◆ WHAT THE EXERCISE ASKS ◆
Repeat the span of the entries below that starts at the line with "وعن عاصم أيضاً" and ends at the line with "Garageinredning med 4", nothing more. Skip the pictures.

◆ EXERCISE MATERIAL ◆
◆ ◆ ◆ ◆

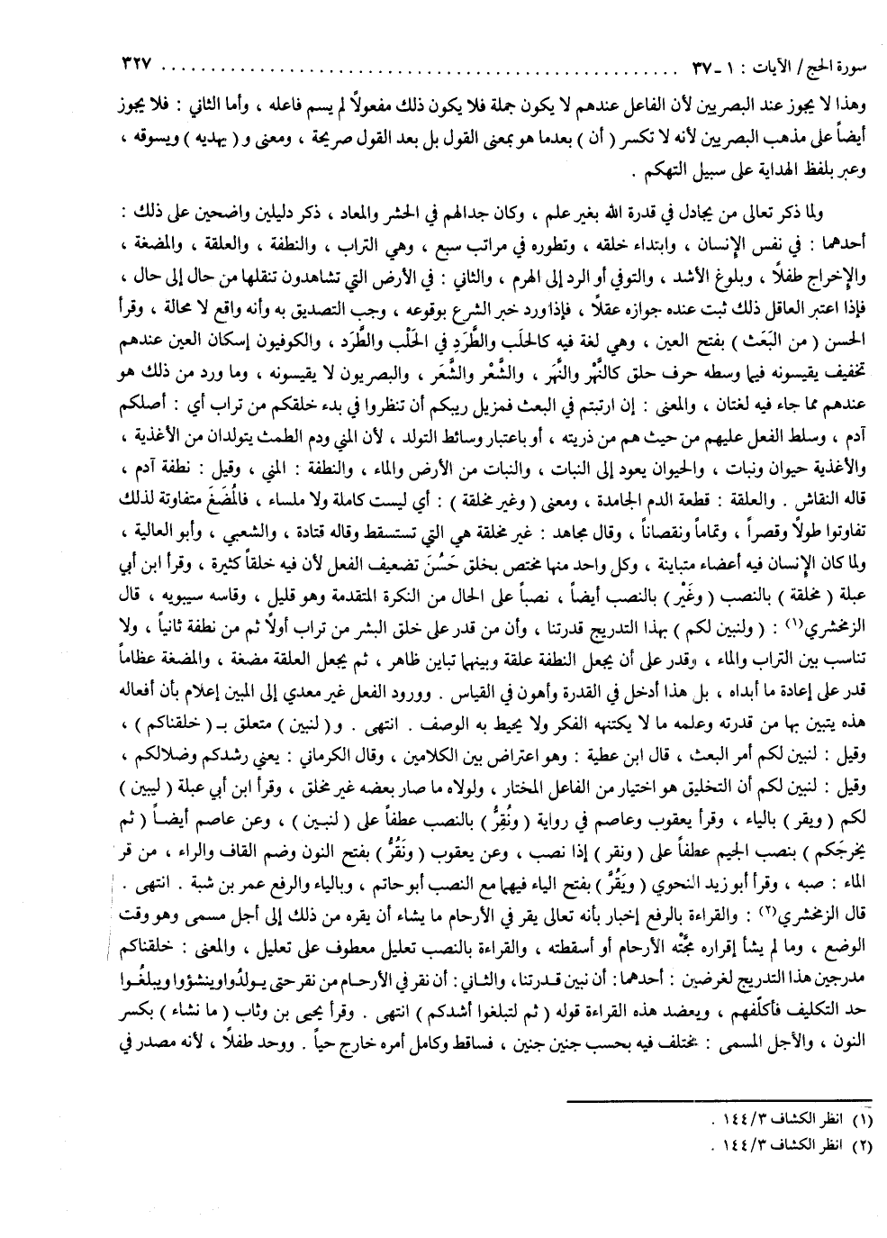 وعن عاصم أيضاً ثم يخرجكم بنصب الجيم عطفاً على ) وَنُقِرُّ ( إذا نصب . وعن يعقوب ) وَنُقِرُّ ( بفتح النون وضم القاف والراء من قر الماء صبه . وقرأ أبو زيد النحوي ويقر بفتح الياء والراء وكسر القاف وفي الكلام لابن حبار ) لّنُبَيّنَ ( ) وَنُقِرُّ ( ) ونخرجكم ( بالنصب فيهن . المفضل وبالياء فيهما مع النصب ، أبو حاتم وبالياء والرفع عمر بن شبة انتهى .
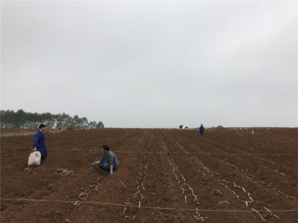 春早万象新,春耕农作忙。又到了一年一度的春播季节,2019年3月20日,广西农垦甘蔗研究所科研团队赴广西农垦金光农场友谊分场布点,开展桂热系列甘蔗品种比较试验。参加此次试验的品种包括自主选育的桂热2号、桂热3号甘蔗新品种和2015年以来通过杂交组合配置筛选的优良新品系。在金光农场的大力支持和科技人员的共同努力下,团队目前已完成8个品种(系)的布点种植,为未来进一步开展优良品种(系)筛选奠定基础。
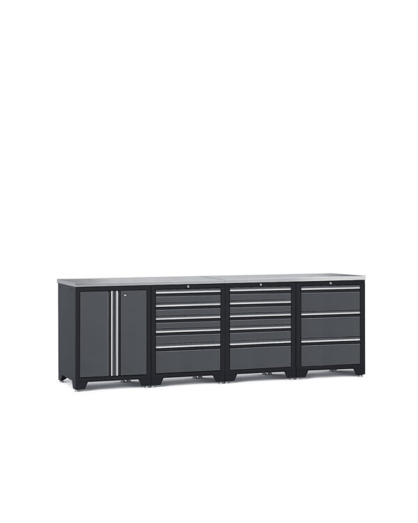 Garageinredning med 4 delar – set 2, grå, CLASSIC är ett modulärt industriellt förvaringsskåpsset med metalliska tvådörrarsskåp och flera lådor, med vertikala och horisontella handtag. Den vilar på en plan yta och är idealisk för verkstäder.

◆ ◆ ◆ ◆

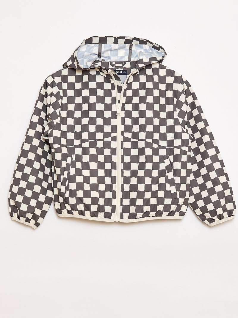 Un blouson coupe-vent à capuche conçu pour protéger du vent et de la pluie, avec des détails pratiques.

◆ ◆ ◆ ◆

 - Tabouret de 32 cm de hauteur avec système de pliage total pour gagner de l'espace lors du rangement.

◆ ◆ ◆ ◆

◆ RESPONSE TO THE TASK ◆
 وعن عاصم أيضاً ثم يخرجكم بنصب الجيم عطفاً على ) وَنُقِرُّ ( إذا نصب . وعن يعقوب ) وَنُقِرُّ ( بفتح النون وضم القاف والراء من قر الماء صبه . وقرأ أبو زيد النحوي ويقر بفتح الياء والراء وكسر القاف وفي الكلام لابن حبار ) لّنُبَيّنَ ( ) وَنُقِرُّ ( ) ونخرجكم ( بالنصب فيهن . المفضل وبالياء فيهما مع النصب ، أبو حاتم وبالياء والرفع عمر بن شبة انتهى .
 春早万象新,春耕农作忙。又到了一年一度的春播季节,2019年3月20日,广西农垦甘蔗研究所科研团队赴广西农垦金光农场友谊分场布点,开展桂热系列甘蔗品种比较试验。参加此次试验的品种包括自主选育的桂热2号、桂热3号甘蔗新品种和2015年以来通过杂交组合配置筛选的优良新品系。在金光农场的大力支持和科技人员的共同努力下,团队目前已完成8个品种(系)的布点种植,为未来进一步开展优良品种(系)筛选奠定基础。
 Garageinredning med 4 delar – set 2, grå, CLASSIC är ett modulärt industriellt förvaringsskåpsset med metalliska tvådörrarsskåp och flera lådor, med vertikala och horisontella handtag. Den vilar på en plan yta och är idealisk för verkstäder.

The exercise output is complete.